The status quo suggests that, for the purposes of std::format(), the string returned by what() should be treated as containing (possibly ill-formed) text in the NTMBS encoding of the current C++ locale (or perhaps an explicitly provided std::locale argument).
With respect to P3068R2, there is currently no notion of a locale dependent NTMBS encoding during constant evaluation. We'll need to discuss the ramifications of this, presumably identify an encoding to use instead (presumably the ordinary literal encoding), and determine how to adjust wording accordingly.

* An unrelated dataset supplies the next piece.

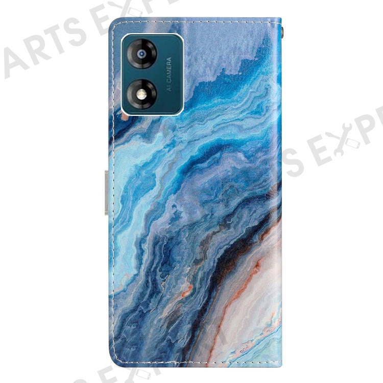 For Motorola Moto E13 4G PU Leather Pattern Printing Phone Case Stand Wallet Flip Phone Cover with Strap - Blue Marble

Here are the rough minutes from the 2024-06-12 SG16 meeting for reference. Thank you again to Eddie Nolan for capturing these!
Attendance:
- (SD) Steve Downey
- (JM) Jens Maurer
- (TH) Tom Honermann
- (VZ) Victor Zverovich
- (MD) Mark de Wever
- (BG) Braden Ganetsky
- (NO) Nathan Owen
SD: Our agenda is to discuss the LWG issues. We'll be discussing
4070, 4087, and 4090.
SD: (reading the issue) If CharT is char, path::value_type is
wchar_t, and the literal encoding is UTF-8, then the escaped path
is transcoded from the native encoding for wide character strings
to UTF-8 with maximal subparts of ill-formed subsequences
substituted with u+fffd replacement character per the Unicode
Standard [...]. Otherwise, transcoding is implementation-defined.
This seems to mean that the Unicode substitutions are only done
for an escaped path, i.e. when the ? option is used. Otherwise,
the form of transcoding is completely implementation-defined.

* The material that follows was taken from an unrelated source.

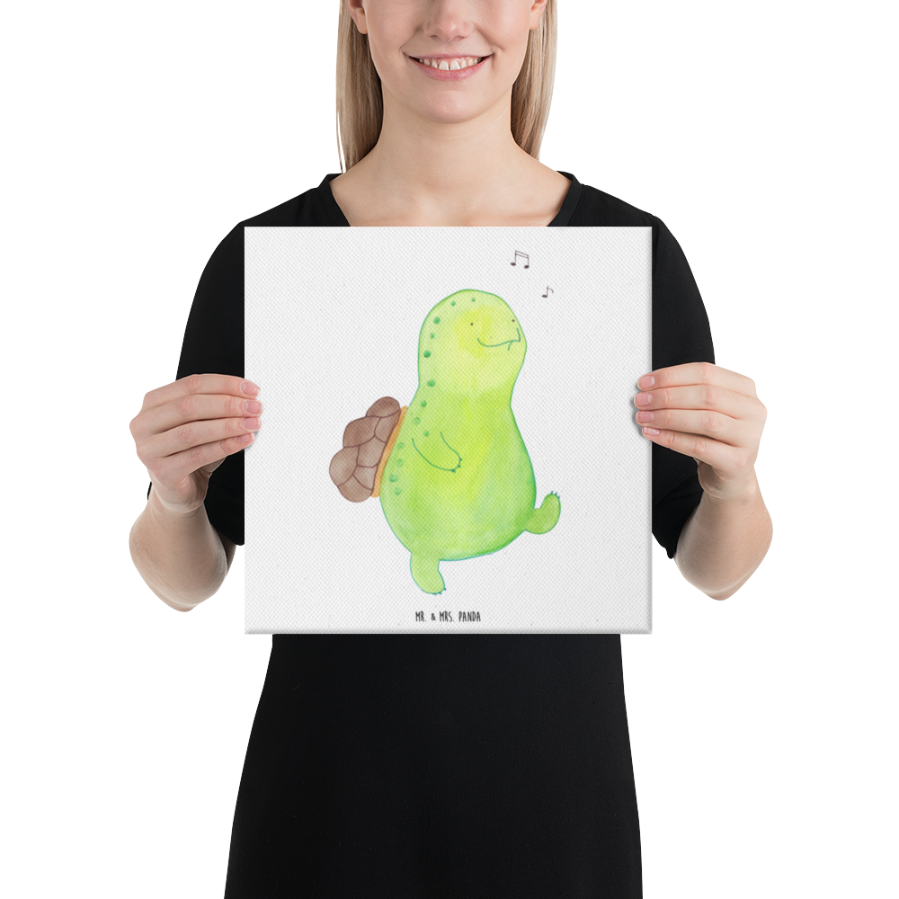 Leinwand Bild Schildkröte pfeift - 40 x 40 cm - mit Spruch

However, this makes no sense. An escaped string will have no
ill-formed subsequences, because they will already have been
replaced
So only unescaped strings can have ill-formed sequences by the
time we do transcoding to char, but whether or not any u+fffd
substitution occurs is just implementation-defined.
I believe we want to specify the substitutions are done when
transcoding an unescaped path (and it doesn't matter whether we
specify it for escaped paths, because it's a no-op if escaping
happens first, as is apparently intended).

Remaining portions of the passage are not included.